DiCaro writes about the challenges that face women in sports, from obsessing over how their voice sounds to knowing there is less room for error than men are granted when making minor mistakes.

"I probably didn’t sleep the first year of ‘Sunday Night Baseball,’ " ESPN analyst Jessica Mendoza says in the book. "I was just a mess with exactly that: I can’t mess up."

DiCaro spends an entire chapter — one she begins by writing, "I’m going to regret writing this chapter" — on her running feud with the site Barstool Sports.

Sure enough, when "Sidelined" came out last week, Barstool marked the occasion by reading the book aloud on YouTube.

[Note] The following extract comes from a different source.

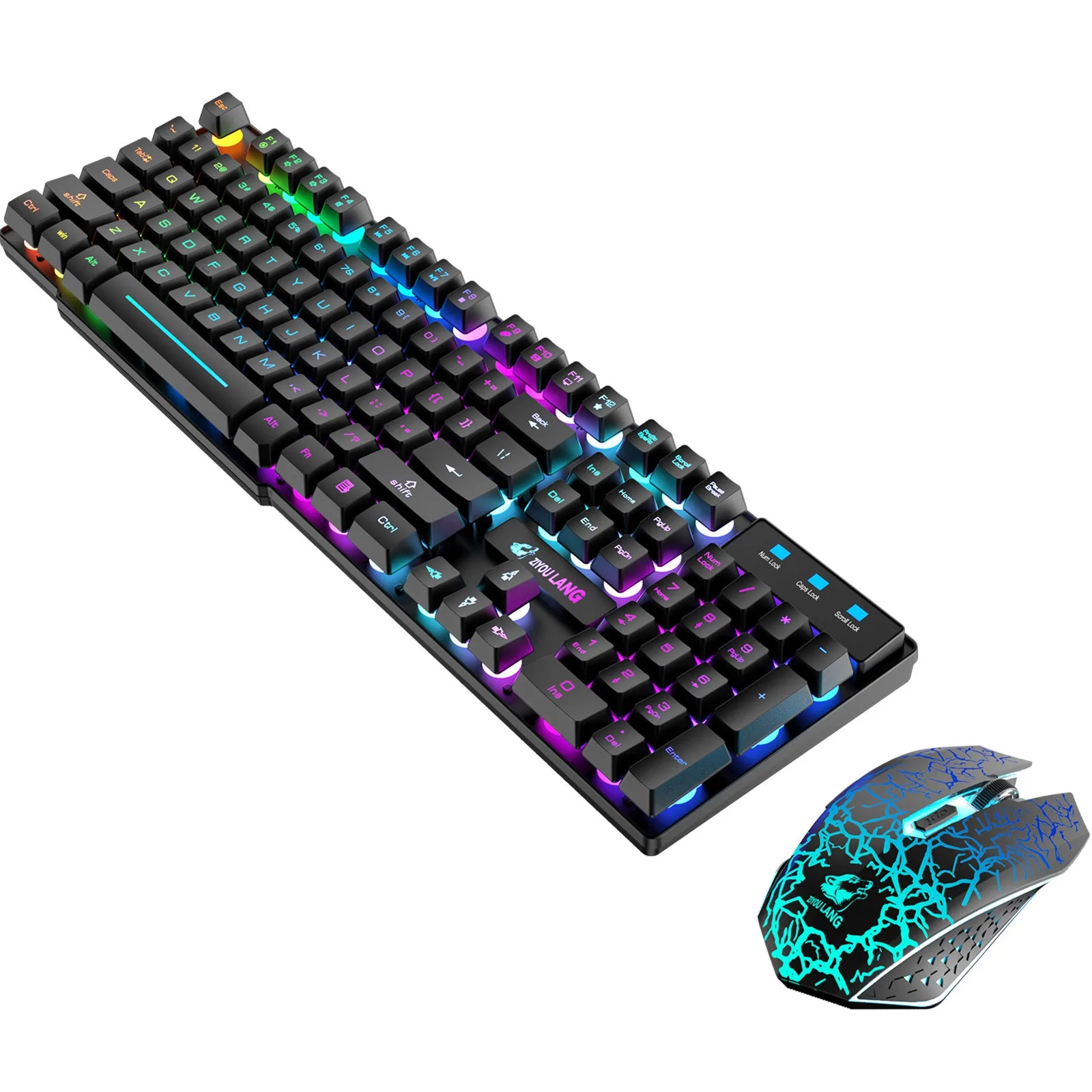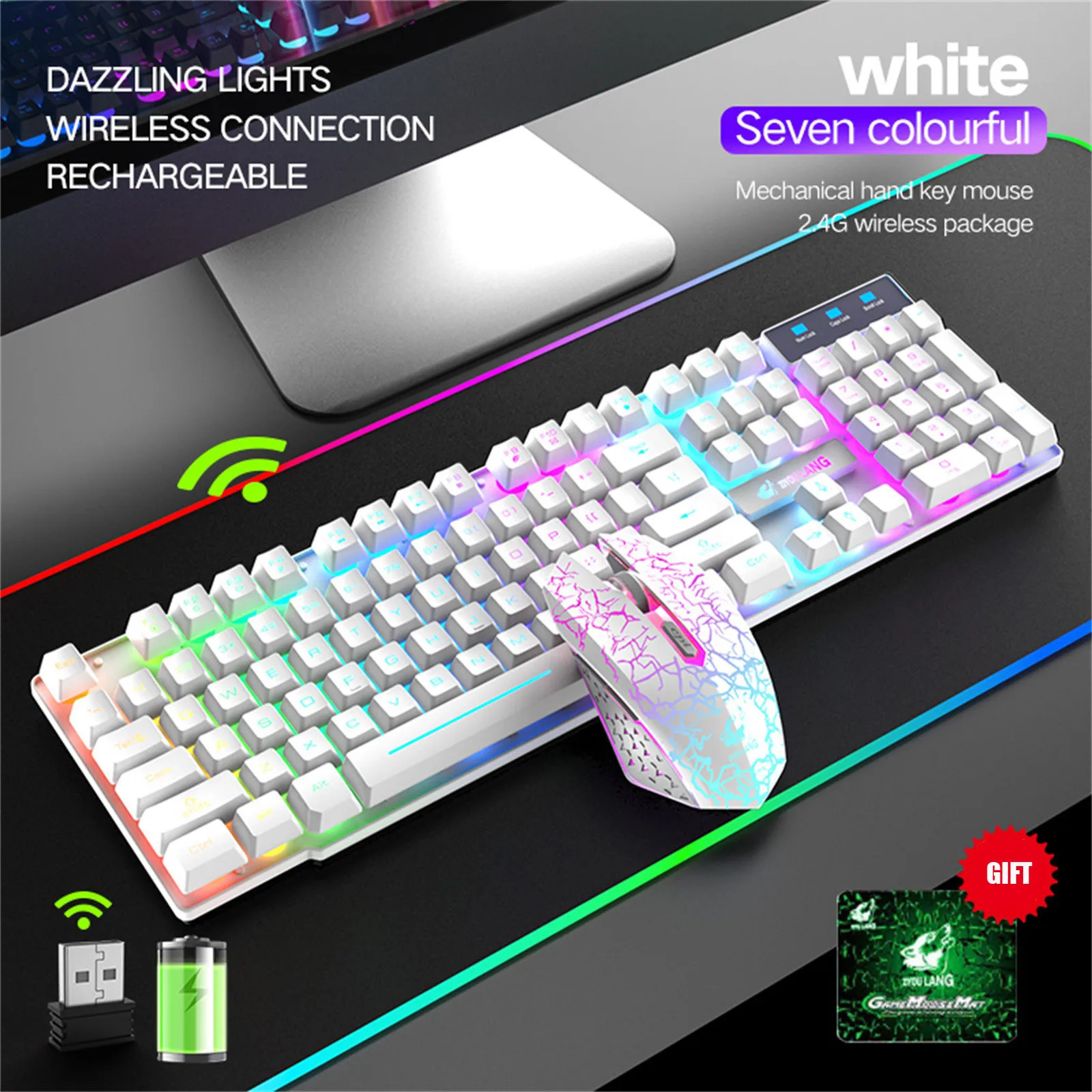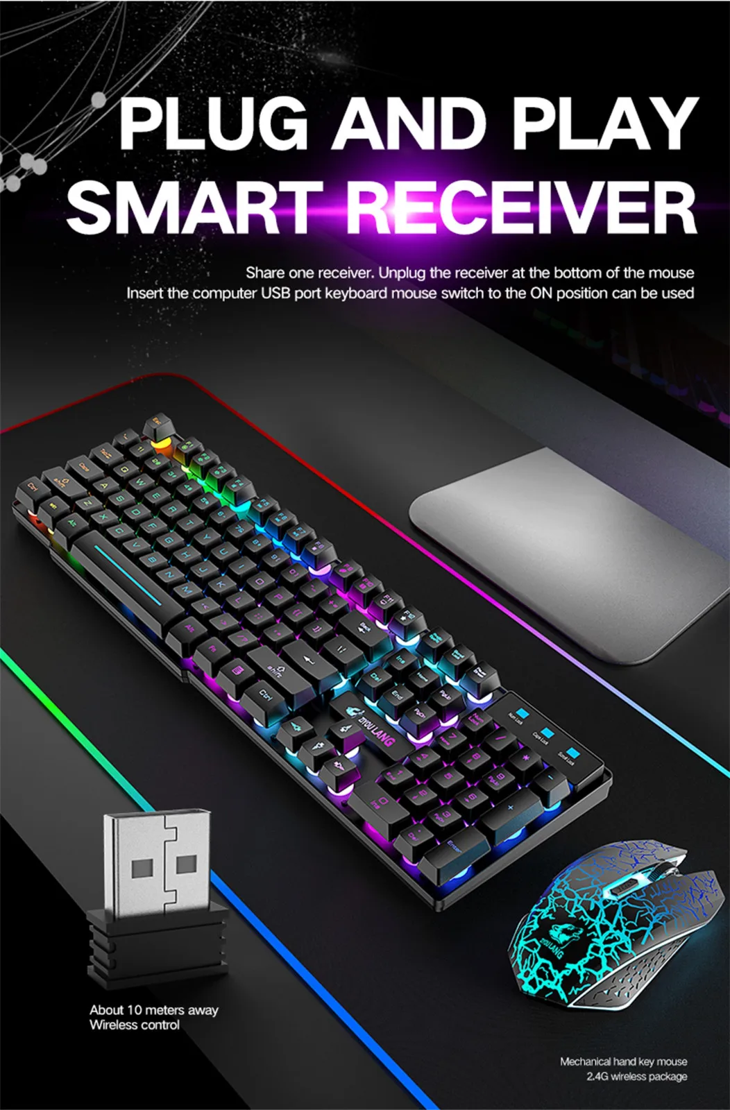2 in 1 Wireless Connection: Both the keyboard and mouse utilize a 2.4G wireless connection and share a single USB receiver, simplifying your setup and reducing desktop clutter. The colorful backlighting adds a mysterious atmosphere to your desktop.

"I was pretty anxious up to the release, because I knew as soon as they got their hands on it something was going to happen," DiCaro said. "I wasn’t necessarily prepared for them to read the entire thing online for 7 ½ hours, but I guess they never cease to shock me with how low they’re willing to go."

DiCaro believes the pandemic has made online harassment even worse, as people have become angry or lonely or otherwise stressed.

The book covers a variety of subjects, including the coverage of sexual assaults by athletes and matters that are not directly related to media, such as the fight for equal pay and facilities.

"The whole impetus for the book was the issues that we deal with in sports media are just the issues we’re dealing with in society, just sort of amped up on steroids," she said, "because there is so little decorum and really care for the way people act in sports media.

"A lot of things are laid a little more bare and are a little bit more obvious in sports media. It expands to not only the way women are treated in sports, but the way women are treated, largely, in this country."